You can train AI models without copyrighted material

AI companies claim their tools Does not exist without training on copyrighted material. It turns out, they can do – it’s very difficult. To prove this, AI researchers trained a less powerful but very ethical new model. This is because the DataSet of LLM only uses a public domain and an open license material.
The Paper (By Washington Post) Cooperation between 14 different organizations. The authors refer to universities such as MIT, Cornegie Mellon and Toronto University. Even non -profit people like the Vector Institute and the Alen Institute for AI have cooperated.
The group built the 8TB morally sourced dataset. The data includes a set of 130,000 books in the Library of Congress. After inputting the material, they trained a seven-billion-parameter on a large language pattern (LLM) on the data. The result? It performed the same as well as as well as Lama 2-7 b From 2023. The team did not publish the benchmarks that compared its results with the top models today.

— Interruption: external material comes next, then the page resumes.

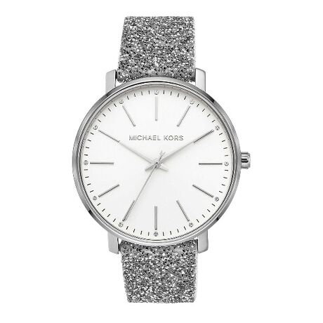 38mm径のケースに三針ムーブメントを搭載したMichael Kors PYPER。シルバートーンのバーインデックスを配したホワイトのサンレイダイヤルに、ホワイトのレザーストラップを組み合わせました。レザーストラップにはクリスタル装飾を施しています。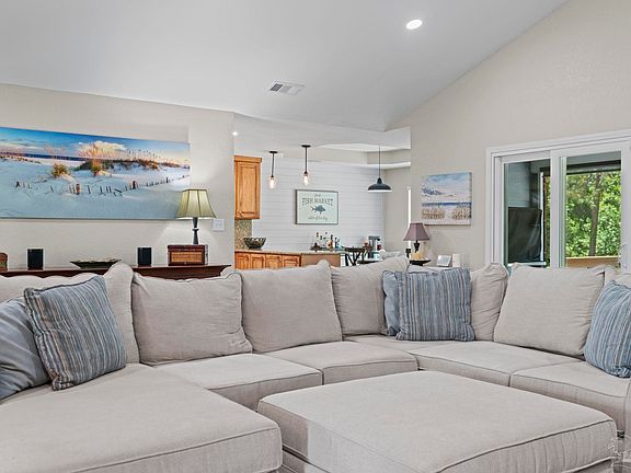 Welcome to your perfect retreat just steps from the fairways! Nestled in a quiet, well-kept neighborhood, this stunning stucco-style home offers the ultimate blend of luxury, comfort, and convenience—mere minutes from the golf course. From the moment you arrive, the curb appeal shines. Rock bed landscaping frames the home with natural elegance, while the side-entry garage adds a clean, unobstructed front view. Step inside to be greeted by soaring vaulted ceilings, accented by a rich wood beam and soft recessed lighting that creates an open, yet cozy atmosphere. The heart of this home lies in the backyard oasis. Whether you’re entertaining or enjoying a quiet evening, the expansive deck with modern cable railing leads you to a charming gazebo—your own peaceful hideaway. Surrounded by beautiful, mature landscaping, it’s a backyard built for both gatherings and serene solitude. With a short walk to the golf course and every detail thoughtfully designed, this home invites you to slow down, breathe deep, and truly enjoy where you live.

Comparable performance with a two -year model is not the only trouble. The process of keeping all of this is also a grind. Most data cannot be read by the machines, so humans had to siege through it. “We use automated tools, but all our things are manually quoted and people have been checked at the end of the day and people have checked,” said co -author Stella Biderman said Vapo. “And it is very difficult.” Identifying legal details also made this process difficult. The team had to decide which license applied to each website they had scanned.
So, what do you do with the most difficult less powerful LLM to train? If nothing, it can be used as a counterpoint.
In 2024, Opena He told the British Parliamentary Committee Such a model does not necessarily exist. “It is impossible to train today’s leading AI models without using copyrighted materials,” the company said. Last year, a human expert witness said, “AI organizations will not have LLMs if they need to license work in their training datasets.”
In fact, this study does not change the trajectory of AI companies. Above all, the more work to create less powerful tools does not live with their interests. But at least it punctures one of the industry’s general arguments. Don’t be surprised if you hear about this study again Legal cases And and Control arguments.